It has taken me a while to work out why I often have a problem with immersive theatre. In theory, it’s marvellous – upending the staid conventions of bourgeois propriety, escaping the proscenium’s gilt and plush, the middle class’s guilt and hush. Opening the theatre to the world. Letting the world into the theatre.
Yep to all that. That’s not my problem. The problem is that, once you let in the world, you also let in me. And I’ve had more than enough of me.
I was thinking the other day, as I often do, about the lure of invisibility. Most people, offered the hypothetical choice between flying and invisibility, would choose the former (transcendence, speed, exhilaration), and that Team Invisibility is a furtive shambles of ne’er do wells. As Kathryn Schulz wrote recently in a New Yorker review on the subject, ‘broadly speaking, there are two reasons for wanting to turn invisible: to get away from something or to get away with something.’ It’s the least reputable superpower.
Safety of the shadows
Yet I’ve always had a craving for invisibility. Released from the shackles of tangible presence, I’m convinced, I’d be able to see how the world works, watch how people behave without the inhibiting effect of my own galumphing self-consciousness. My body, voice, idiot grin – they all get in the way. Without them, surely, I’d find out how people are supposed to inhabit the world, how this living thing is meant to work.
It’s no surprise, then, that I drifted toward a profession that involves lurking in the darkness, like a phantom in waiting. (I’d make such a good ghost. I wouldn’t haunt, I certainly wouldn’t poltergeist. I’d just linger, slipping under the goosebumps. Too ghoul for school.)
Except. Being a theatre critic often means forsaking the safety of the shadows. It’s not all about anonymity somewhere in the depths of the circle. Instead, we shamble round disused postal depots, derelict offices and warehouses earmarked for swankpit development. We sidle through especially created environments, or squelch through muddy park and rec ground. It’s often fun, sometimes even life-changing. But it’s a form of theatre that inevitably wrestles with the visibility perplex.
Recently, I saw Maze, an immersive dance piece by choreographer Jasmin Vardimon in the seaside town of Margate. The town has seen better days – though it’s busily reclaiming its cachet – and Maze unwound in the Winter Gardens, a resplendently shabby pleasure palace. The artist Ron Arad had created an arresting construction in its midst, a labyrinth built of industrial foam: more usually found settling in your sofa, but here an uncanny soft-solid material to squeeze through, bounce against or sink into.

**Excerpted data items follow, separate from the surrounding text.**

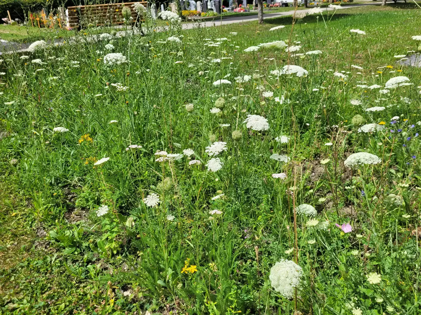 Im Rahmen des Projektes „Lebendiger Friedhof“ wurden auf dem Stadtfriedhof in Bad Dürrheim bislang regelmäßig gemähte Rasenflächen durch die Einsaat von Regiosaatgut zu artenreichen Blumenwiesen umgestaltet. Diese werden wie klassische Heuwiesen nur zweimal im Jahr gemäht. Auf sonnigem Standort entsteht so ein blüten- und artenreiches Habitat für allerlei Insekten und Vögel, ergänzt durch verschiedene Nistkästen.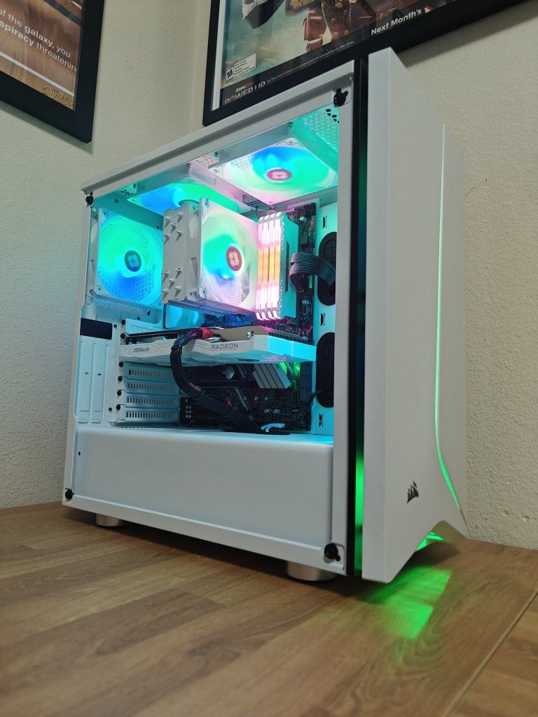 Custom Built Gaming PC Computer White Ryzen 5500, AMD RX 6600, Corsair 32GB DDR4, ASUS,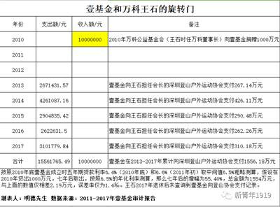 7.复一下盘,2010年,王石先生担任万科董事长,万科旗下的万科公益基金会向壹基金捐赠了1000万元,三年后,2013-2017连续5年,壹基金向王石先生担任会长的深圳登山户外运动协会支付了1556万元。

As an environment, it was beguiling (here’s my review). As dance, it was a bit drama club (wannabe sirens and cackling madcaps). And as an experience, it was way too self-conscious. We spectators stumbled through the maze in our socks, politely let one another pass, exchanged tight smiles of complicity. It was hard to feel we were unspooling into primal fears and buried archetypes. And as we left, waltzed out by Vardimon’s engaging dancers, a sense of release into the world was missing – because we hadn’t left ourselves behind.
I longed to watch, not to be
I had a similar experience at You Me Bum Bum Train in 2012. This wildly acclaimed creation uses cascades of volunteer bodies to create a wild succession of joltingly realistic environments – orchestra, crime scene, kitchen, salon – into which you’re briefly hurled. I absolutely adored seeing the conviction and care with each micro-scene was built – so many people, so many props, such poker-faced detail – and I squirmed repeatedly at having to be the focus of these scenes. Missing the point, I know, but I longed to watch, not to be. I craved that cloak of invisibility.
Boys who wear glasses have long chafed at the tight white masks that spectators wear in performances by Punchdrunk, Britain’s reigning emperors of immersion. Long plastic triangles, like remnants of some debased commedia, they squeeze the specs no end (though on my second visit to The Drowned World, the elastic had mercifully slackened). But they have a powerful effect – in sites far bigger than the Margate maze, they allow audiences to wander like ghouls, freed from discretion as the undead surely are.
Punchdrunk shows may not be perfect, but the experience of watching, and of seeing your fellow watchers, can be immense. In the small-town Americana of Faust or The Drowned World, blank faces cluster in a doorway to see a marriage crumble, or press round the combatants in a Main Street fracas. The corkscrew dancers seem oblivious, but all around you see the whiteout faces of your fellow voyeurs: it isn’t clear who is haunting whom, which is the phantom. Either way, we’re blessedly invisible – and able to watch with brutish, unapologetic intensity. If only we could always shove our intrusive selves in the cloakroom.